WHAT THE TASK ASKS: Nothing but the lines from the start of the entries below through the line containing "EXTOL PREMIUM kötött" should appear in the answer, copied exactly and free of pictures.

━━━━━━

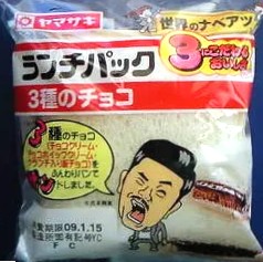 今回のランチパックは、2009年1月に発売された 3種のチョコ です。パッケージに、お笑い芸人の世界のナべアツさんが描かれています。世界のナベアツさんといえば、「3の倍数でアホになる」というネタで人気が出ました。顔のイラストに「種類のチョコ・・サ~ンドしました」と、吹き出しにも書かれています。その世界のナベアツさんとコラボということで、3種類のチョコになりました?驚きを越えて「 オモロー!」です。では早速食べてみる事にしましょう。
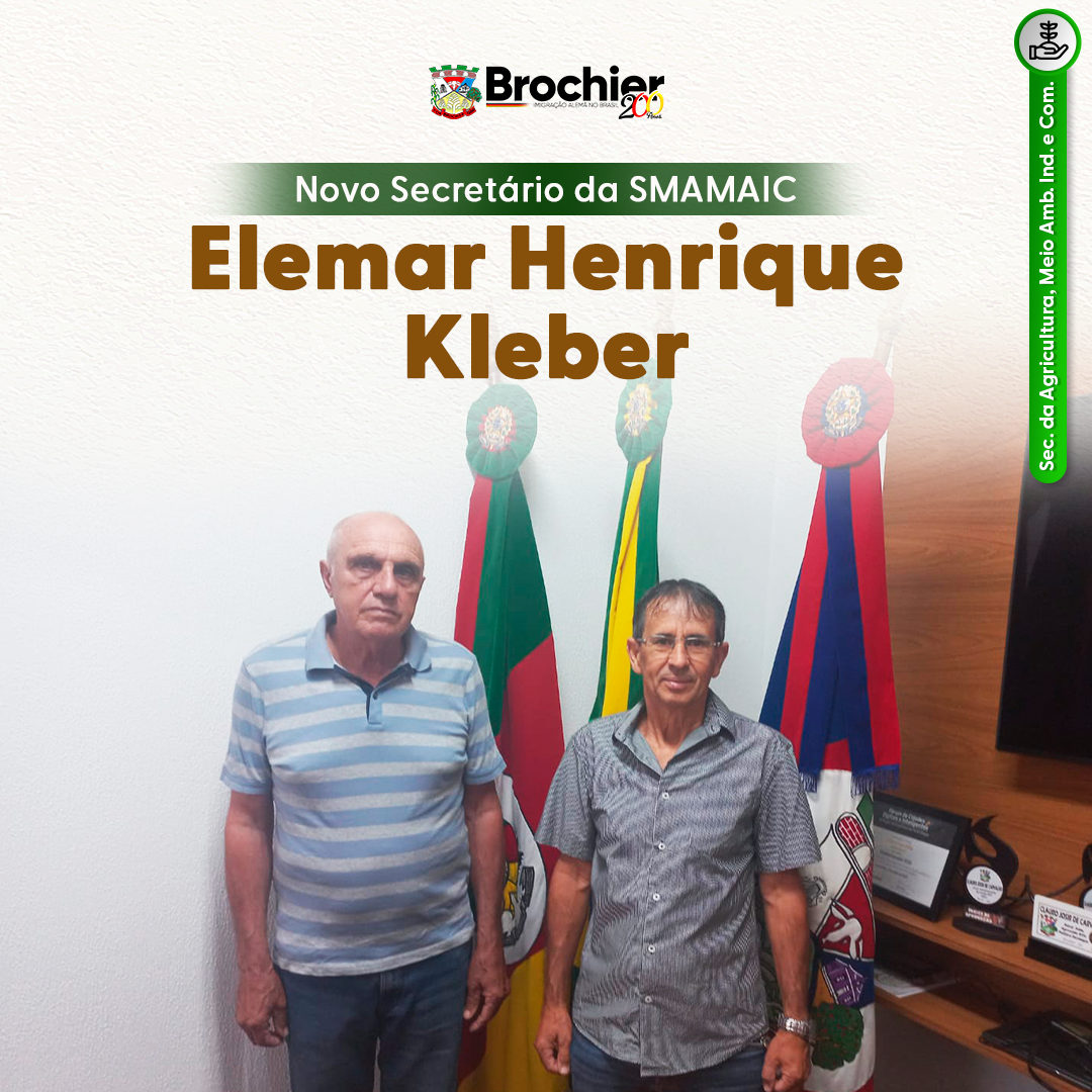 A Administração Municipal tem a satisfação de dar as boas-vindas ao senhor Elemar Henrique Kleber, que assume a importante função de secretário do Meio Ambiente, Agricultura, Indústria e Comércio de Brochier. Estamos confiantes em sua capacidade de contribuir significativamente para o progresso e desenvolvimento de nossa cidade. Agradecemos ao aceite do convite e desejamos sucesso!
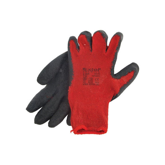 EXTOL PREMIUM kötött kesztyű, pamut, vörös, méret: 10`, latexbe mártott, csúszásgátló tenyér
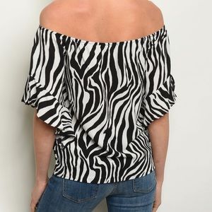 5⭐️BLACK WHITE ANIMAL PRINT OFF SHOULDER - Top
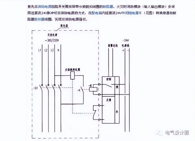 非消防电源空气开关上面安装的是一个电磁分励脱线V电源,并通过输入输出模块常开(接DC24V电源)形成开关量来带DC24V的中间继电器。
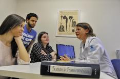 Reunidos em uma sala no Mãe de Deus Center, em Porto Alegre, para esclarecerem dúvidas sobre o curso que pretendem fazer, os vestibulandos Lana Webber, João Paulo Nogueira Santos e Gabriele Sampaio tentam se acomodar nas três cadeiras próximas à mesa onde a fonoaudióloga e professora da Universidade Federal de Ciências da Saúde de Porto Alegre (UFCSPA) Isabela Menegotto atende alguns de seus pacientes.
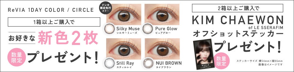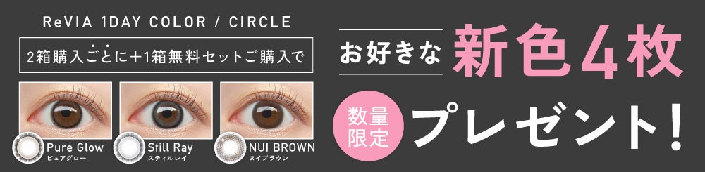 ReVIA 1day「2箱購入+1箱無料セット」1セットご購入ごとに、お好きな新色(1枚入り)×4枚をプレゼントいたします。
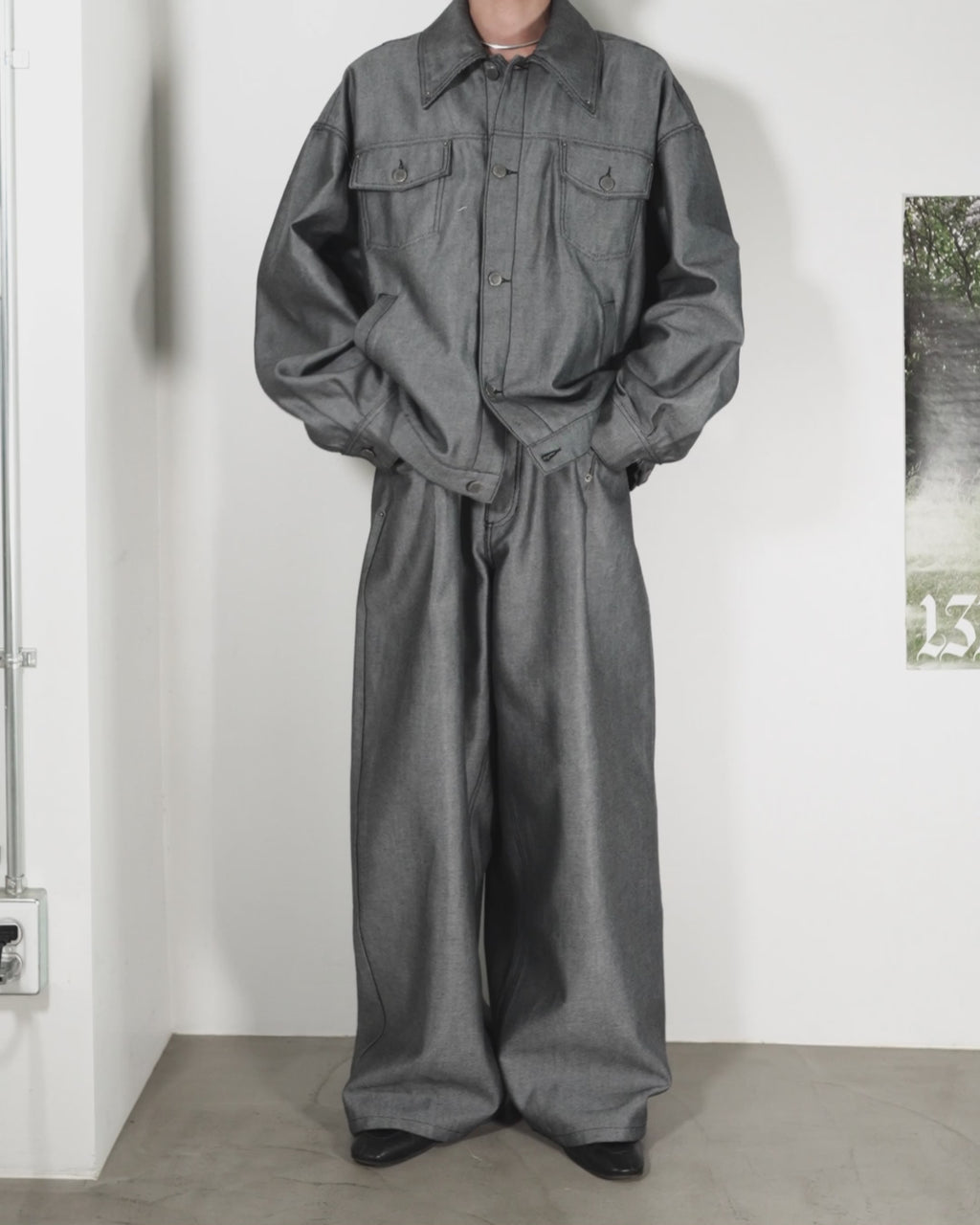 26SS新作。【1313 SELAH】。生地の裏面を使用したシャイニーシルバーデニムパンツ。 エクストラワイドレッグシルエット。 “13”刻印入りのエイジドシルバーリベットとシャンクボタン。 PUレザーパッチにはブラインドエンボスの1313 SELAHロゴを配置。
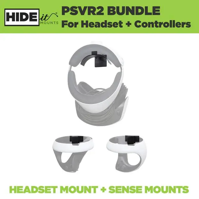 PlayStation VR2 gamers, look no further! Our HIDEit PSVR2 Mounts offer a fresh new way to game: one that's sleek and organized! Ditch the bulky VR display stands and take advantage of unused wall space. The Universal Headset Mount safely stores the PS VR 2 headset and the tab keeps it in place to avoid accidental drops or damage. The PSVR 2 Controller Mounts are rubber dipped to prevent sliding and scratches when placing controllers on and off the mounts. So get ready to upgrade your VR setup with the HIDEit PSVR2 Wall Mount Bundle!
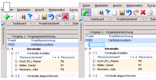 Insertion by Clicking on the Plus-Symbol in the Data Area Caption Line
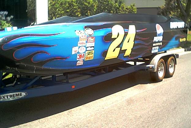 It's goin' via transport with the Ron Gillian boat... "Something & Someone" gets to haul the 22'...
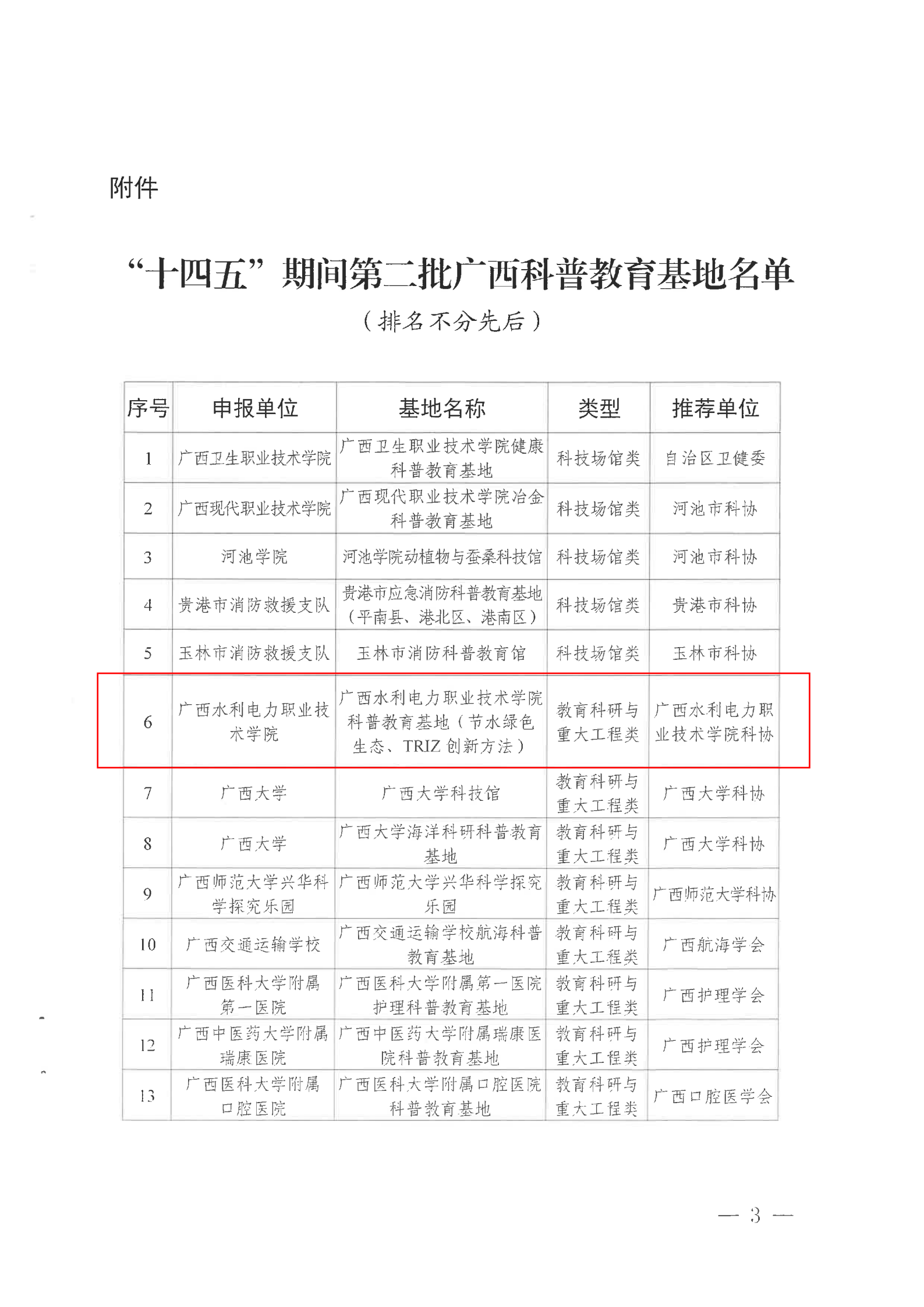 “十四五”期间第二批广西科普教育基地名单
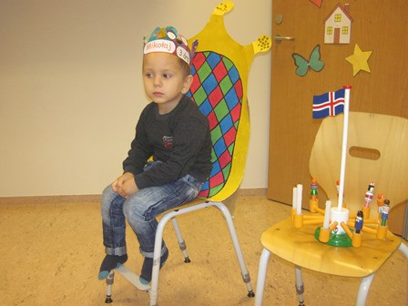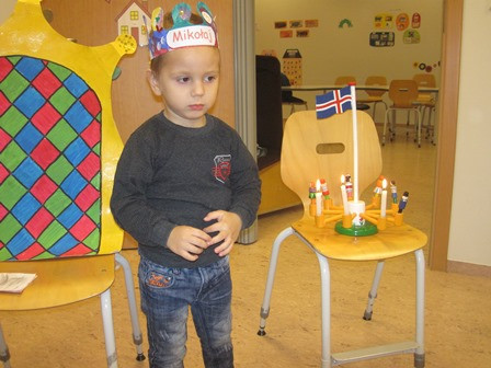 Í dag héldum við upp á 3 ára afmælið hans Mikołaj en hann á afmæli á laugardaginn 10. desember. Mikołaj málaði á flottu kórónuna sína og flaggði íslenska fánanum í tilefni dagsins. Í ávaxtastundinni sungum við fyrir hann afmælissönginn, hann hefur stækkað í nótt og þetta er afmæliskveðja. Eftir sönginn fengu sér allir ávexti úr ávaxtakörfunni.

━━━━━━

RESULT:
 今回のランチパックは、2009年1月に発売された 3種のチョコ です。パッケージに、お笑い芸人の世界のナべアツさんが描かれています。世界のナベアツさんといえば、「3の倍数でアホになる」というネタで人気が出ました。顔のイラストに「種類のチョコ・・サ~ンドしました」と、吹き出しにも書かれています。その世界のナベアツさんとコラボということで、3種類のチョコになりました?驚きを越えて「 オモロー!」です。では早速食べてみる事にしましょう。
 A Administração Municipal tem a satisfação de dar as boas-vindas ao senhor Elemar Henrique Kleber, que assume a importante função de secretário do Meio Ambiente, Agricultura, Indústria e Comércio de Brochier. Estamos confiantes em sua capacidade de contribuir significativamente para o progresso e desenvolvimento de nossa cidade. Agradecemos ao aceite do convite e desejamos sucesso!
 EXTOL PREMIUM kötött kesztyű, pamut, vörös, méret: 10`, latexbe mártott, csúszásgátló tenyér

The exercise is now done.